According to yet a further non-limiting aspect of the present disclosure, provided herein is an insect repellent composition comprising, in weight percentages based on total weight of the composition: 0.1 to 0.5% cornmint oil; 0.01 to 0.3% geraniol; 4.0 to 7.0% vanillin; 0.05 to 0.5% isopropyl myristate; 0.25 to 1.0% triethyl citrate; 0.25 to 1.0% monolaurin; 2.0 to 6.0% hydroxypropyl cellulose; 0.01 to 0.3% citric acid; and isopropanol.

According to one non-limiting aspect of the present disclosure, provided herein is an insect repellent composition comprising, in weight percentages based on total weight of the composition: 0.1 to 0.5% cornmint oil; 0.05 to 0.5% isopropyl myristate; 0.25 to 1.0% triethyl citrate; 0.25 to 1.0% monolaurin; 2.0 to 6.0% hydroxypropyl cellulose; and isopropanol.

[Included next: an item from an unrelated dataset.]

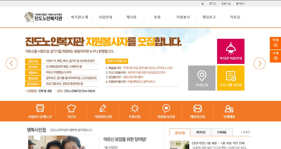 본 사이트의 컨텐츠는 무단으로 복사·게재·배포 등을 금합니다. 상세내용 게시글 본문 복지관 진도노인복지관 제작기간 2015.02 홈페이지 주소 http://jdnoin.or.kr 홈페이지 타입 Website(웹사이트) 진도노인복지관 디자인으로 견적상담 받기 🎁무료혜택 확인하기! 25가지 다양한 무료혜택을 확인해 보세요. 검색목록 목록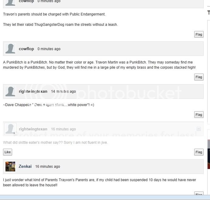 (13,427 posts)on the MSNBC website. Any ideas where to send it? What is shocking is that the comments on that screen shot aren't even the worst of the hundreds in response to that article. It's like having a hidden mike at a Klan meeting.

According to another non-limiting aspect of the present disclosure, provided herein is an insect repellent composition comprising, in weight percentages based on total weight of the composition: 0.01 to 0.3% geraniol; 0.05 to 0.5% isopropyl myristate; 0.25 to 1.0% triethyl citrate; 0.25 to 1.0% monolaurin; 2.0 to 6.0% hydroxypropyl cellulose; and isopropanol.

According to yet another non-limiting aspect of the present disclosure, provided herein is an insect repellent composition comprising, in weight percentages based on total weight of the composition: 4.0 to 7.0% vanillin; 0.05 to 0.5% isopropyl myristate; 0.25 to 1.0% triethyl citrate; 0.25 to 1.0% monolaurin; 2.0 to 6.0% hydroxypropyl cellulose; and isopropanol.

According to yet a further non-limiting aspect of the present disclosure, provided herein is an insect repellent composition comprising, in weight percentages based on total weight of the composition: 0.1 to 0.5% cornmint oil; 0.01 to 0.3% geraniol; 4.0 to 7.0% vanillin; 0.05 to 0.5% isopropyl myristate; 0.25 to 1.0% triethyl citrate; 0.25 to 1.0% monolaurin; 2.0 to 6.0% hydroxypropyl cellulose; and isopropanol.

Additional aspects according to the present disclosure are directed to methods for controlling pests, the methods comprising applying an insect repellent formulation according to the present disclosure to an area.

The foregoing summary is illustrative only and is not intended to be in any way limiting. In addition to the illustrative examples and features described herein, further aspects, examples, objects, and features of the disclosure will become apparent from the drawings and the following detailed description and claims.

DESCRIPTION OF CERTAIN EMBODIMENTS OF THE INVENTION

The present disclosure relates to insect repellent compositions. In certain embodiments, the insect repellent compositions may be repellent blends comprising one or more active ingredients, surfactants, film-forming agents, stabilizers, application enhancers, solvents, and other supporting moieties. The insect repellent formulations form a substantially clear durable film that repels insects for an extended period (e.g., up to 90 days). The formulations may include ingredients deemed “minimal risk pesticides” by the EPA (“25b/4a”; FIFRA-exempt), making the formulations ideal for use in various environments including sensitive areas where conventional insecticides are not permitted or desired.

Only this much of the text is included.